Suppressed excitonic effects enable high mobility, high-yield photoconductivity in a two-dimensional polymer crystal with axial pyridine coordination

Two-dimensional polymers (2DPs) and their layer-stacked covalent organic frameworks (2D COFs) offer modular, atomically precise platforms for organic optoelectronics, yet their photoconductive responses remain fundamentally constrained by strong excitonic effects and localized charge transport. Here, we demonstrate that a diyne-linked 2DP crystal with axial pyridine coordination overcomes this limitation, enabling simultaneous efficient free-carrier generation and band-like transport. Introducing pyridine ligands that axially coordinate to Cu-porphyrin nodes transforms weak van der Waals stacking into a pyridine-bridged architecture with pronounced interlayer band dispersion and substantially reduced carrier effective masses. The resulting strong interlayer electronic coupling suppresses the exciton binding energy to well below thermal energy, such that optical excitation directly populates delocalized electronic states. Time-resolved terahertz spectroscopy reveals Drude-type photoconductivity with room-temperature mobilities approaching 500 cm^2 V^-1 s^-1 and a photon-to-free-carrier conversion ratio of ~0.4, yielding a photoconductive response that exceeds that of state-of-the-art organic and many inorganic photoactive materials. These results establish interlayer coordination as a powerful strategy for mitigating excitonic effects and accessing inorganic-like charge transport in organic 2D crystals, opening a pathway toward highly efficient photo-to-electricity conversion in organic-based systems.

💡 Research Summary

This paper presents a groundbreaking strategy to overcome the fundamental “exciton bottleneck” that has long limited the photoconversion efficiency of organic two-dimensional (2D) crystals, such as 2D polymers (2DPs) and covalent organic frameworks (COFs). While these materials can achieve high charge carrier mobility through their ordered structures, their strong excitonic effects typically prevent efficient generation of free carriers upon light absorption.

The researchers designed a model system: a diyne-linked, AB-stacked copper-porphyrin 2DP (DY2DP). The key innovation was the introduction of axial pyridine coordination into the intrinsic interlayer voids of this structure.

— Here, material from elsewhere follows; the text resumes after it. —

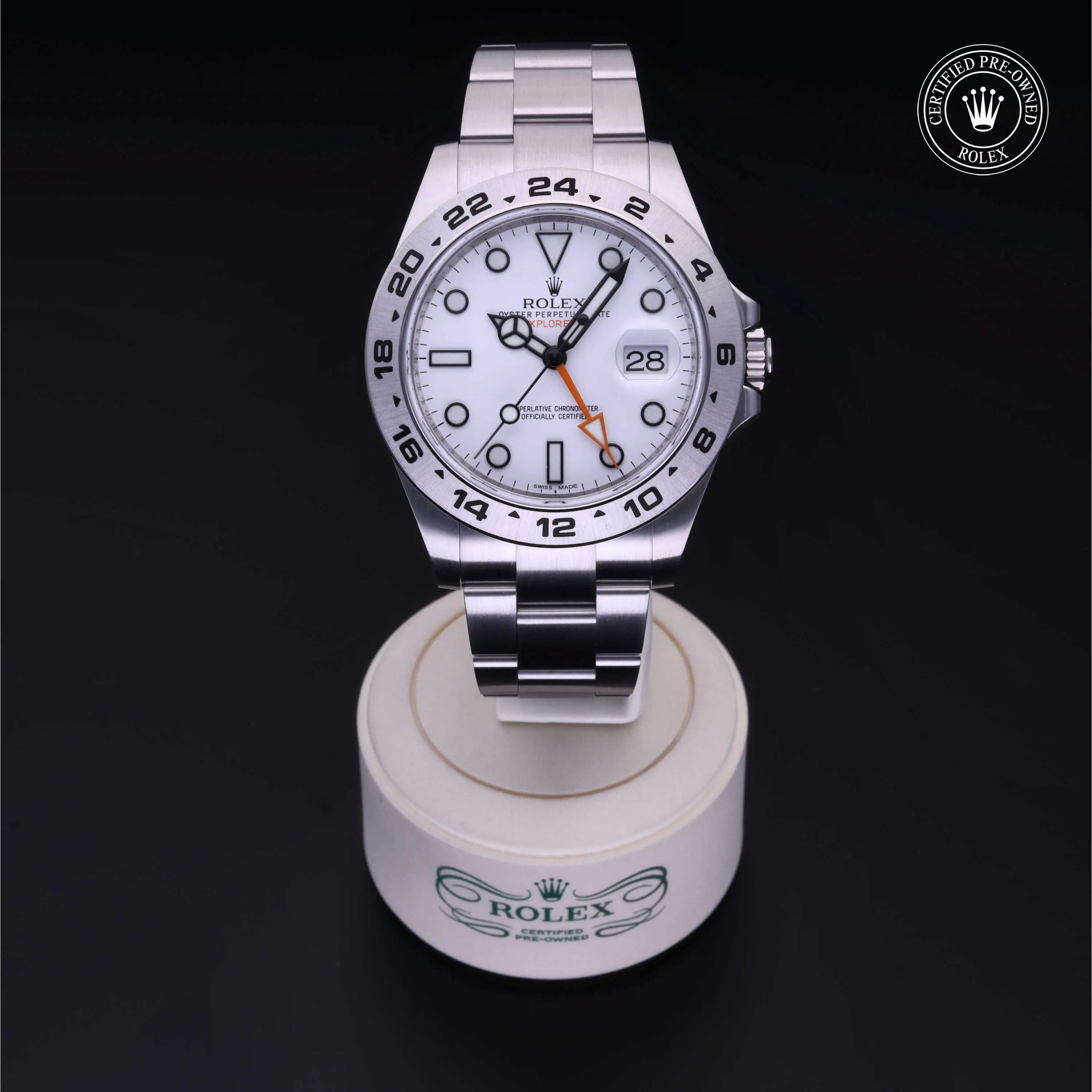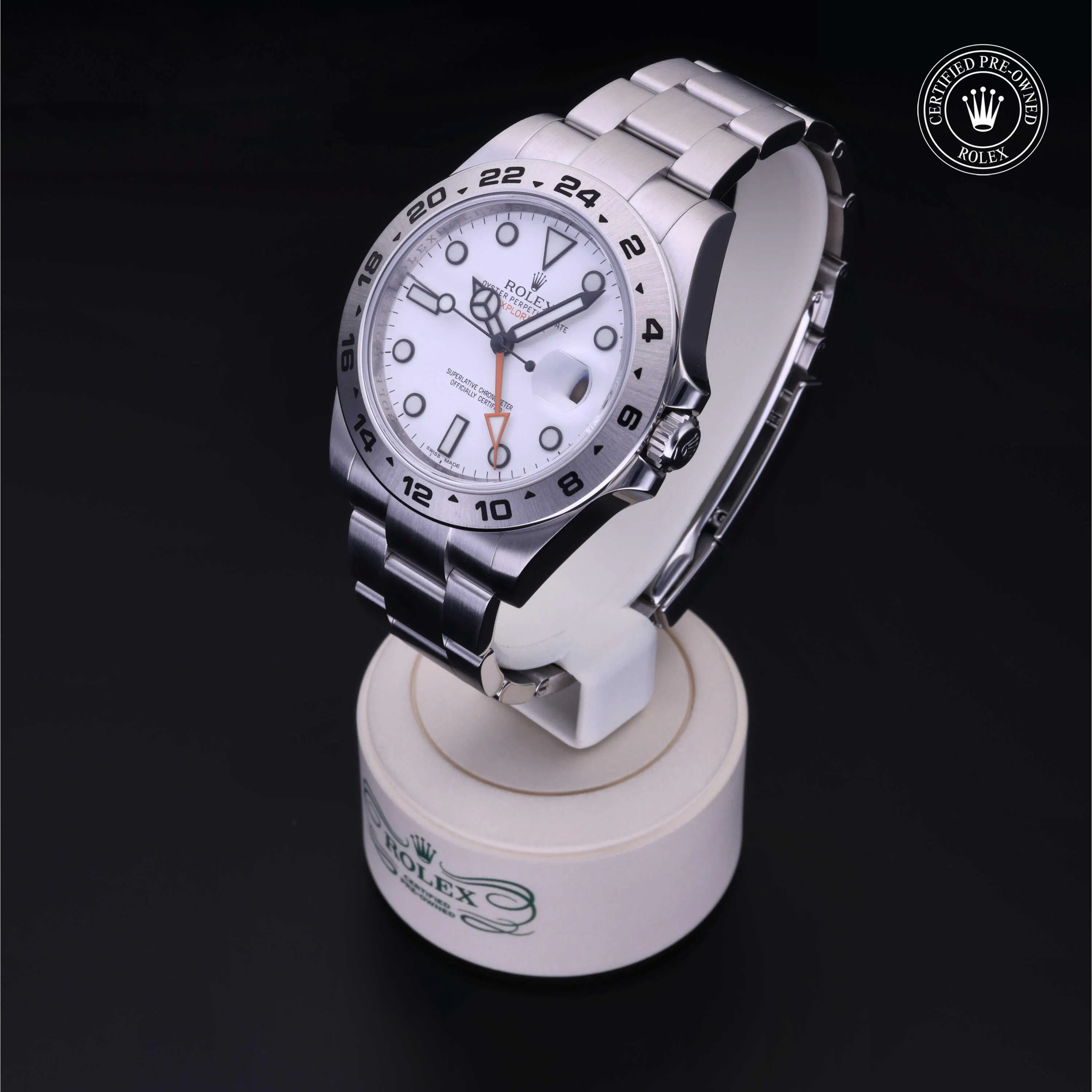 Rolex Certified Pre-Owned Explorer II (216570) self - winding automatic watch, features a 42mm stainless steel case with a fixed 24-hour bezel surrounding a white dial. The watch is secured on a stainless steel Oyster bracelet complete with a folding buckle. Functions include hours, minutes, seconds, date and gmt/world time. This watch has been serviced by an authorized service center and certified by Rolex. It does not come with the original box or papers, but includes a custom Rolex Certified Pre-Owned hang tag, travel pouch and international warranty card.

They synthesized two variants: pyridine-coordinated DY2DP (PI-DY2DP) and pyridine-free DY2DP (PF-DY2DP) as a control.

Structural characterizations confirmed that both materials share the same in-plane lattice, but only PI-DY2DP features axial Cu-N(pyridine) coordination bonds between adjacent layers. This interlayer coordination dramatically altered the electronic structure. Density functional theory (DFT) calculations revealed that while both materials have similar intralayer band dispersion, PI-DY2DP exhibits pronounced interlayer band dispersion along the stacking direction, leading to significantly reduced electron and hole effective masses (0.74 m₀ and 0.24 m₀, respectively). In contrast, PF-DY2DP showed nearly flat interlayer bands. Charge density difference analysis visualized enhanced electron delocalization across the pyridine-bridged layers in PI-DY2DP. Crucially, the calculated exciton binding energy (Eb) for PI-DY2DP was suppressed to well below thermal energy at room temperature (~25 meV), whereas PF-DY2DP retained a large Eb of ~130 meV.

The profound impact of this electronic structure modification was directly probed using time-resolved terahertz spectroscopy (TRTS). PF-DY2DP showed no detectable photoconductivity, even at high photoexcitation densities, indicating that photogenerated species remain as tightly bound excitons. In stark contrast, PI-DY2DP exhibited an immediate, strong Drude-type photoconductivity response at low excitation densities. The analysis yielded a remarkably high room-temperature charge carrier mobility of nearly 500 cm² V⁻¹ s⁻¹ and an exceptionally high photon-to-free-carrier conversion yield (φ) of approximately 0.4 (40%). This performance surpasses that of many state-of-the-art organic and even some inorganic photoactive materials.

In conclusion, the work demonstrates that engineered interlayer coordination—transforming weak van der Waals stacking into a coherent, electronically coupled architecture—serves as a powerful and previously underexplored design parameter. It simultaneously suppresses excitonic effects and preserves band-like transport, thereby directly addressing the core challenge in organic optoelectronics. This strategy opens a new pathway for developing highly efficient organic-based photovoltaics, photodetectors, and other light-to-electricity conversion devices.